Mocking Bard

In the late nineteenth century, the American Acclimation Society, formed of recent European immigrants, attempted to populate North America with all of the species of birds mentioned in the works of William Shakespeare. Many of the introduced birds quickly died or failed to reproduce. However, there was one notable success: in 1890 and 1891, Eugene Schieffelin, a wealthy German theater aficionado, released between 80 and 150 European starlings (Sturnus vulgaris) into Central Park. The North American landscape of farmlands and fields agreed with the scrappy black birds, and by 1910, starlings had settled around Philadelphia; by 1924, they reached Detroit; and in the 1940s, there were starling sightings along the Pacific Coast.

The current North American population of 200 million starlings is widely acknowledged as a scourge to native birds, notably the eastern bluebird and the Gila woodpecker, which compete with the starling for nesting space. Starlings also travel in flocks that destroy whole fields of lucrative agricultural crops, such as grapes and wheat. They are clever mimics — echoing natural noises, machines, and human speech — and are happy in developed areas like suburbs and city parks, where they add to the ruckus with their loud chatter. Indeed, the bird has proved more aggressive and adaptable than a Shakespearean antihero.

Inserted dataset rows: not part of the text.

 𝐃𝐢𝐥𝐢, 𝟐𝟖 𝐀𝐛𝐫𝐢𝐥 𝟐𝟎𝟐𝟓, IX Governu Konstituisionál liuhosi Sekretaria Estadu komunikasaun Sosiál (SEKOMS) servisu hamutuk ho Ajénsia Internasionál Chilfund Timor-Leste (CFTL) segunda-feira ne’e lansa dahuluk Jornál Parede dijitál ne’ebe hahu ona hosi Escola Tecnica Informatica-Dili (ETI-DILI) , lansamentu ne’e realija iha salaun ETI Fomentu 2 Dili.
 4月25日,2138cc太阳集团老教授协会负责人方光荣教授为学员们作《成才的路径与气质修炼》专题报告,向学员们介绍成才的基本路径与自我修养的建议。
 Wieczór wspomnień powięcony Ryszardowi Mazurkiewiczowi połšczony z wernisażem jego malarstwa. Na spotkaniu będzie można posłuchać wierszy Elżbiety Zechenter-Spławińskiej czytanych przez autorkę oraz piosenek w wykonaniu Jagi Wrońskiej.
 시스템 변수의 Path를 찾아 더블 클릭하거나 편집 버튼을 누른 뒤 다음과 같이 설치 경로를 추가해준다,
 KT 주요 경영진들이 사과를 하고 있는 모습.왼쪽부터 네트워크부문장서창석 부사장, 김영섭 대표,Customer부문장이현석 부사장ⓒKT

The starling’s Shakespearean cameo appears in Henry IV, with a reference to the bird’s ability to mimic human speech: “I’ll have a starling that shall be taught to speak nothing but ‘Mortimer,’ and give it to him to keep his anger still in motion.” Environmental artist Brian Collier has set out to manipulate this avian aptitude for speech, teaching wild starlings to pronounce and sing the name not of Mortimer but of their conveyer — Schieffelin. In this way, the birds will vocally identify themselves as an introduced species.

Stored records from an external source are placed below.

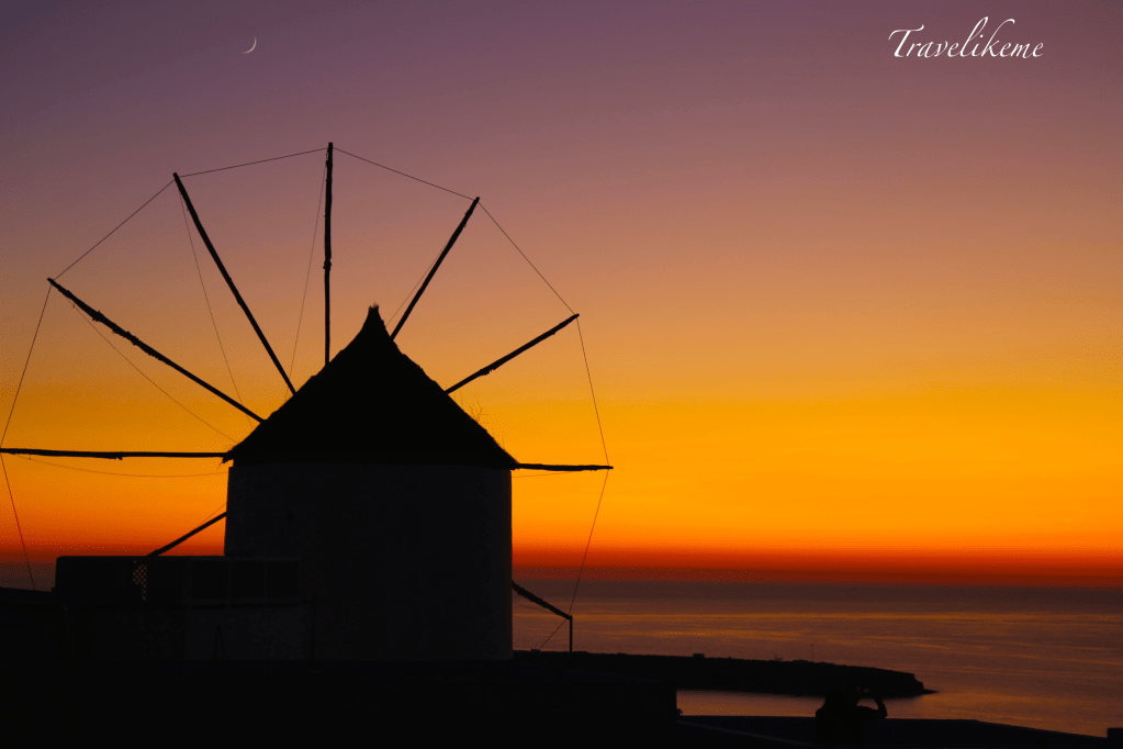 The blue sky by now transforms into a canvass of gradient shades of pink, purple, yellow, orange & blood red. This is my favourite photo of that glorious moment, with the crescent making a shy appearance just above the windmill.
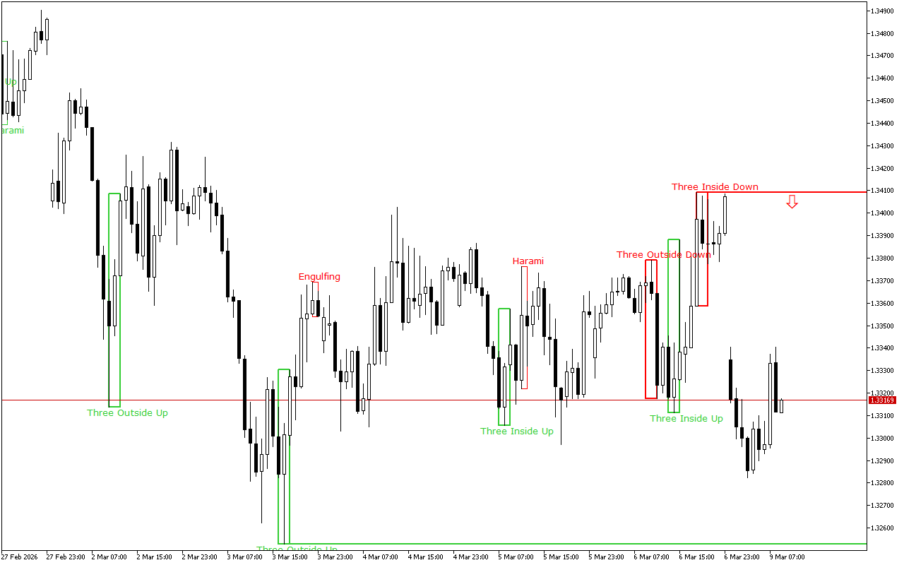 Ce niveau a été formé par le schéma des trois barres extérieures vers le haut. Il s’agit de trois chandeliers japonais : la 1ère bougie a un corps réel court et noir, la 2ème bougie a un corps réel long et blanc et englobe complètement la 1ère bougie, et la 3ème bougie est également blanche, clôturant au-dessus de la 2ème bougie.
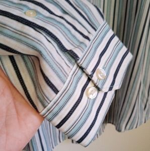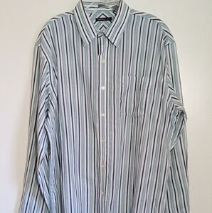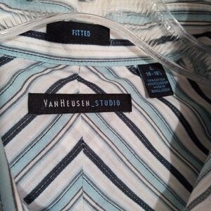 Van Heusen fitted button down shirt mens size Large 16-16.5. Great pre-owned condition with no flaws noted.
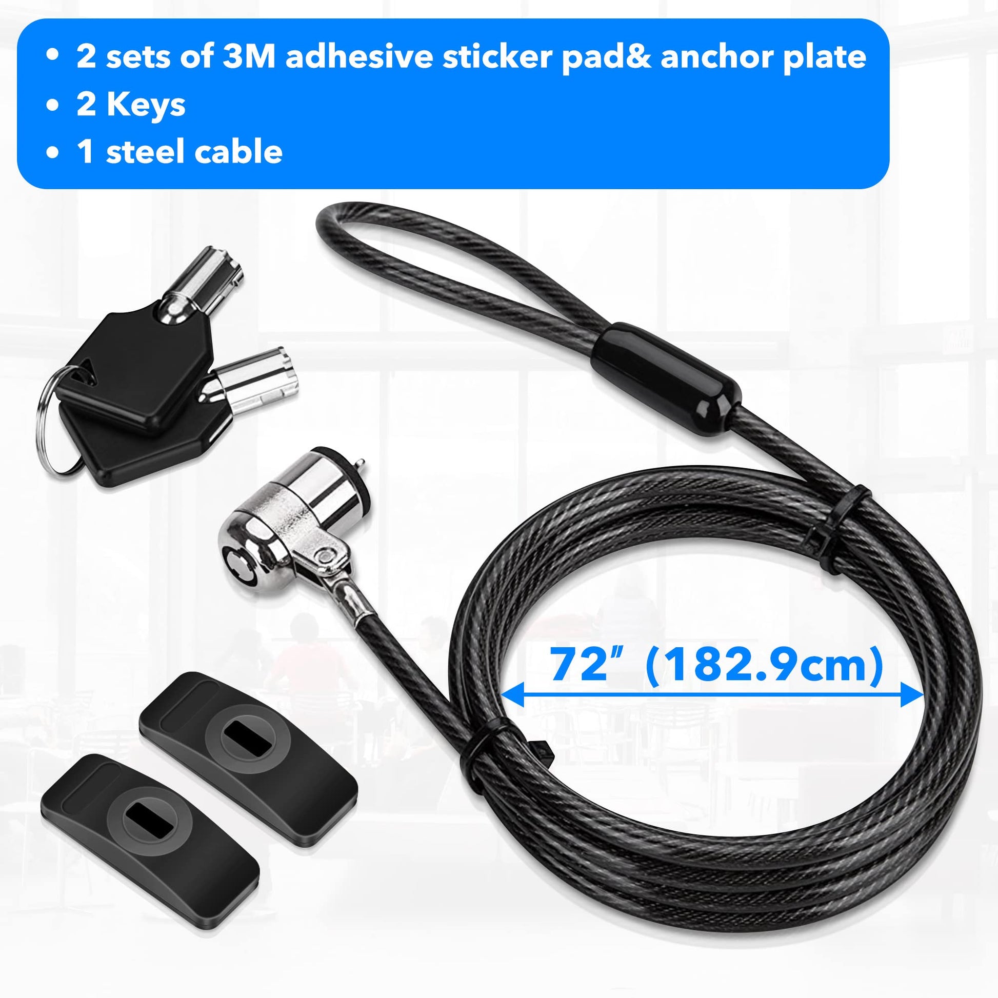 AboveTEK Laptop Lock, Tablet Lock Security Cable, 2 Keys Durable Steel iPad Locking Kit w/Adhesive Anchors, Anti Theft Hardware Protection for iPhone Mobile Notebook Computer Monitor Mac Book Laptop
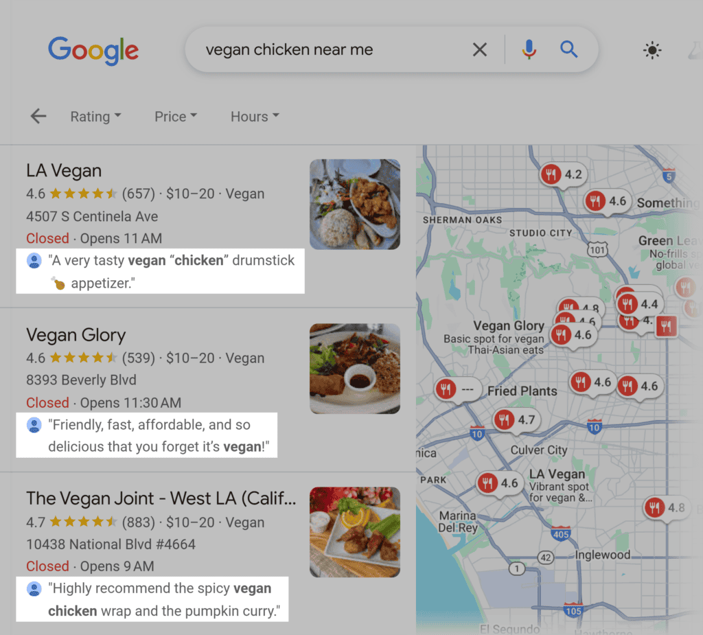 Plus, Google can use the contents of customer reviews to match your profile with relevant search queries.
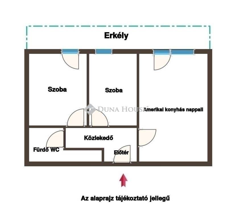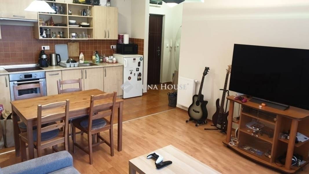 A 104 lakásos lakóparkban gondozott belső kert és 24 órás házfelügyelet is van. A hét emeletes lakópark alsó szintjén üzletek és kényelmi szolgáltatások vehetők igénybe. A hatodik emeleten lévő lakás 47, 90 m2 nettó alapterületű+9,84 m2 erkély tartozik hozzá. A lakótérben amerikai konyhás nappali, két hálószoba, előtér, kádas fürdőszoba, közlekedő van.

Teaching starlings to say “Schieffelin” is admittedly an arduous process. Collier and his wife, who live in Bloomington, Illinois, raised one starling by hand and have erected multiple nests on their property with movement-triggered audio devices that murmur “Schieffelin” over and over to the nesting starling families. Collier recruits friends, relatives, and visitors to his art shows and exhibits to call out the name to any starling that they see in their own neighborhoods.

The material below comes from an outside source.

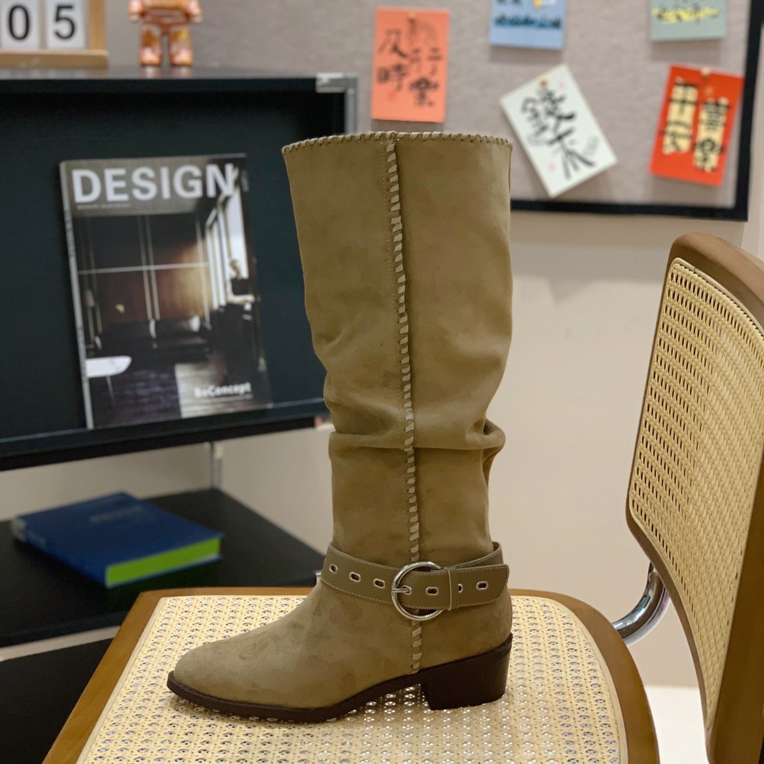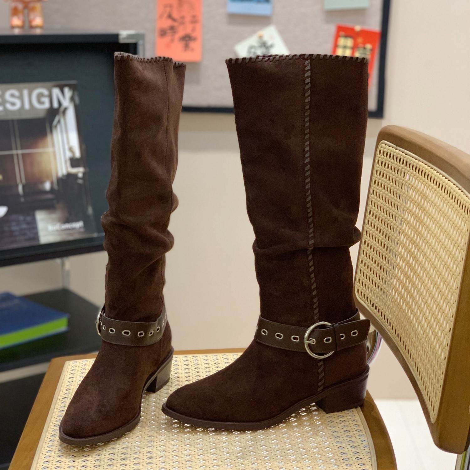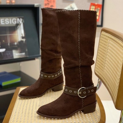 超火皮带扣绒面粗跟骑士靴女2025冬季爆款复古时尚百搭长筒堆堆靴

“The public is a major participant in this project,” said Collier, who admits that he has yet to hear a starling respond to his fervent coaching. “Basically this project is about teaching humans, not starlings. I have the admittedly utopian goal of changing the way people see the natural world. This altered perspective will hopefully eventually lead to changing how people interact with the natural world. Well, if artists can’t be dreamers, who can?”